International Association
for Cryptologic Research

Modern System-on-Chip (SoC) architectures are a complex mix of processors, accelerators, memories, and I/O controllers interconnected by on-chip communication networks. Given the complexity of the computation and the requirements mandated in modern applications, several of these IPs are often outsourced as third-party modules. The integration of third-party modules, however, has been demonstrated to raise severe system-level security concerns – undiscovered vulnerabilities, incorrect firmware configurations, malicious code, and hardware trojans undetected in such IPs can produce leaks of confidential information and compromise the integrity of critical components. These challenges are further intensified when the communication infrastructure lacks robust mechanisms to supervise and monitor the interactions of third-party IPs with the rest of the system. Thus, runtime monitoring and supervising of third-party IPs is a crucial aspect for the system-level security of the entire SoC – the computing modules integrated in the SoC and their communication must behave securely. This paper presents Bastion, an open-source framework designed to support the secure integration of third-party IP modules into SoC architectures based on network-on-chip (NoC) communications, with a focus on providing robust security guarantees for NoC-based open-source hardware platforms.

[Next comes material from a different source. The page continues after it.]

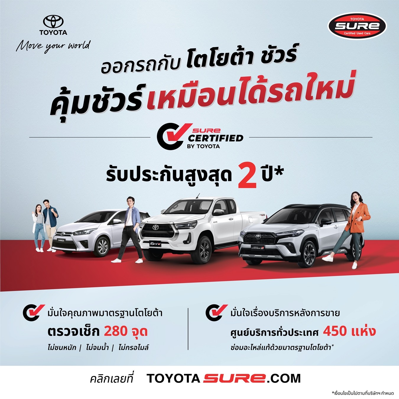 เปิดมิติประสบการณ์ใหม่ของรถมือสอง กับ โตโยต้า ชัวร์ ผู้จำหน่ายรถมือสองอย่างเป็นทางการกว่า 20 ปี นำเสนอผลิตภัณฑ์และการบริการครบวงจรทั้งซื้อ – ขาย และแลกเปลี่ยนรถยนต์ใช้แล้วคุณภาพดีทุกยี่ห้อ ผ่านมาตรฐานการรับรองโดยทีมงานผู้เชี่ยวชาญ และควบคุมมาตรฐานพร้อมดำเนินการภายใต้บริษัท โตโยต้า มอเตอร์ ประเทศไทย จำกัด กับเครือข่ายด้านบริการที่ครอบคลุมทั่วประเทศกว่า 104 โชว์รูม รวมถึงนำเสนอบริการจากบริษัท อ็อคชั่น เอ็กซ์เพรส จำกัด ที่เป็นบริษัทประมูลรถยนต์มือสอง อีกหนึ่งช่องทางในการรองรับรถใช้แล้วของโตโยต้าทุกรุ่น เพื่อความมั่นใจของลูกค้าโตโยต้าในการใช้รถที่มีราคาขายต่อในอนาคตที่น่าพึงพอใจ โดยผู้ที่สนใจ สามารถดูรถคุณภาพดีได้ง่ายๆ ผ่านเว็บไซต์ www.toyotasure.com ที่มีรถให้เลือกกว่า1,700 คัน โดยมีการอัปเดททุกวัน จากผู้จำหน่ายโตโยต้า ชัวร์ ทั่วประเทศ

Unlike most previous works, which either focus on design or verification, we address the challenge of securely integrating third-party IPs in NoC-based platforms through a holistic design and verification framework based on three pillars: (i) a high-performance security socket that can be seamlessly integrated into NoC tiles; (ii) secure configuration and management of the security sockets via a Hardware Root of Trust; and (iii) an ad-hoc property-based security verification framework to ensure secure system operation. Bastion is integrated on the popular open-source ESP framework and validated through simulations and FPGA emulation of realistic SoCs. By explicitly targeting open-source platforms and releasing the entire project as open-source, we aim to democratize access to robustly secure application-specific SoC platforms for critical applications and foster further advancements in this domain.